● Task details
Produce an exact transcription of the listing below, omitting the pictures.

● Provided material
%%

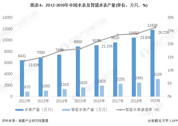 在國家政策和技術的促進下,及依托智能水表在智慧水務發展背景下的獨特的優勢,我國智能水表的滲透率和產量不斷增加。2012年我國水表產量為6431萬只,智能水表產量僅為870萬只,智能水表的滲透率僅為13.53%,不足15%。據統計,至2018年我國智能水表產量超過2400萬只,市場滲透率達到23.83%,預計2019年我國智能水表產量超過3000萬只,市場滲透率進一步提升,將超過26%。
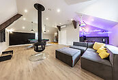 Второй этаж: Мастер-спальня с гардеробной и санузлом, спальня, детская спальня, гардеробная, ванная, игровая зона с камином, с бильярдом и барной стойкой
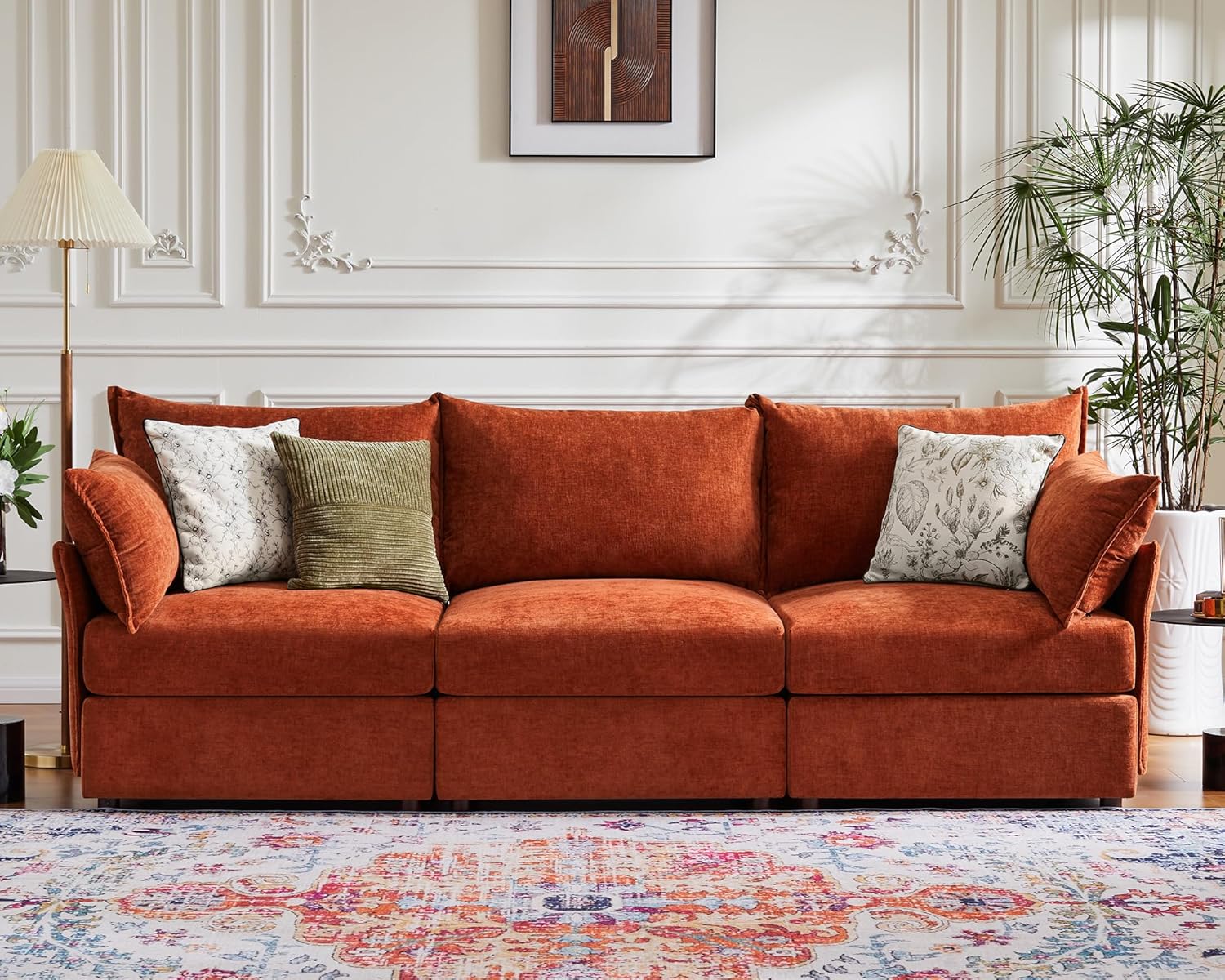 102.6" Modular Sectional Sofa, Oversized 3-Seater Terracotta Orange Couch with Removable Chenille Fabric Cover, Deep Seat & High Backrest for Living Room, Office & Apartment

%%

● Result of the exercise
 在國家政策和技術的促進下,及依托智能水表在智慧水務發展背景下的獨特的優勢,我國智能水表的滲透率和產量不斷增加。2012年我國水表產量為6431萬只,智能水表產量僅為870萬只,智能水表的滲透率僅為13.53%,不足15%。據統計,至2018年我國智能水表產量超過2400萬只,市場滲透率達到23.83%,預計2019年我國智能水表產量超過3000萬只,市場滲透率進一步提升,將超過26%。
 Второй этаж: Мастер-спальня с гардеробной и санузлом, спальня, детская спальня, гардеробная, ванная, игровая зона с камином, с бильярдом и барной стойкой
 102.6" Modular Sectional Sofa, Oversized 3-Seater Terracotta Orange Couch with Removable Chenille Fabric Cover, Deep Seat & High Backrest for Living Room, Office & Apartment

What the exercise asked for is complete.